А тут опять резко ухудшилось здоровье матери. Доктор, считая, что конец близок, вызвал Антона Ивановича в Киев. 27 марта, сообщая об этом Ксении Васильевне, он писал: «По-видимому, он (доктор. — А. К.) ошибся во времени. Идет медленное умирание, но определить конец нельзя. Мне не придется закрыть глаза бедной старушке, так как через 4–5 дней возвращаюсь в дивизию. В исходе третий месяц тяжелого, беспомощного положения ее. А кругом кипит жизнь, светит яркое солнце и надвигается радостный праздник. Никакое неверие не может развенчать обаяния этого праздника весны, Воскресения, возрождения. Встретим Пасху на позиции, в маленькой церковке, укрытой в лощине, но привлекающей изрядно внимание австрийцев».

Под влиянием ли нахлынувших весенних настроений, то ли томимый страхом неумолимо приближающегося одиночества, то ли под напором обуревавших его чувств, он наконец отважился на необычное откровение: «А мысль, — заключал он письмо, — будет далеко, далеко, разделенная между двумя дорогими образами — догорающим и тем, другим, который так близко вошел в мою жизнь».

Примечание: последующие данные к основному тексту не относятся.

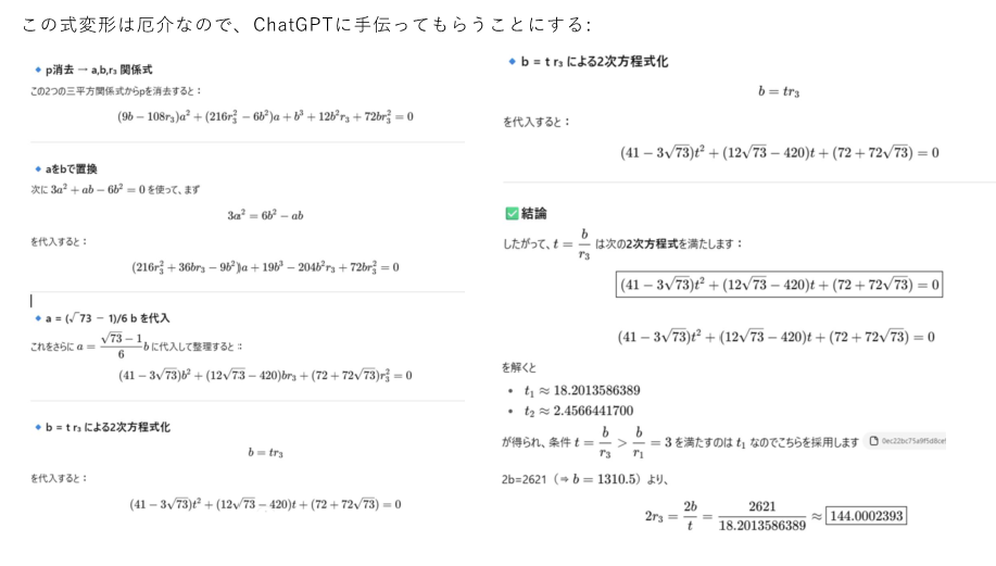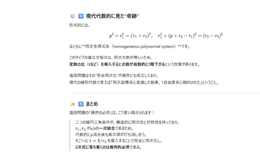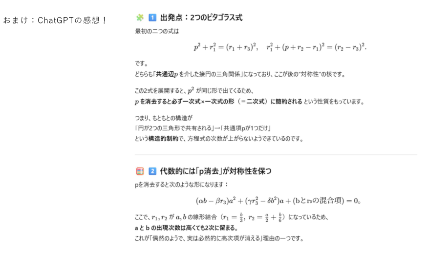 この答えは算額に書いてある答えとピッタリである。なぜ、江戸時代にこのような計算ができたのか!?これを解いてもらったAIに感想を聞くと次のような数学的コメントが出てきた。ほんと賢い!

В ответных письмах Ксении Васильевны по-новому зазвучали ноты теплоты, внимания, нежности. Однако они выражали не влюбленность, а скорее просто теплое отношение к тому, кто когда-то был любимым «дядей Антоном», кто относился к поколению ее родителей, в ком видела она верного друга, готового всегда ей подставить плечо. Опа высоко ценила его безупречную честность, боевую доблесть. Но и только. Антон Иванович, конечно, понимал это. Тяготила его и большая разница в возрасте между ним и Ксенией, и собственная репутация неисправимого холостяка: ведь надо будет как-то объяснять, почему он до сих пор не женат. И все-таки он понимал, что момент назрел и больше медлить нельзя, нужна решительность, иначе никогда уже не обрести своего счастья. И пусть даже она не ответит на его порыв, как ему хотелось бы. Что ж… В конце концов, говорят же люди: «Стерпится — слюбится».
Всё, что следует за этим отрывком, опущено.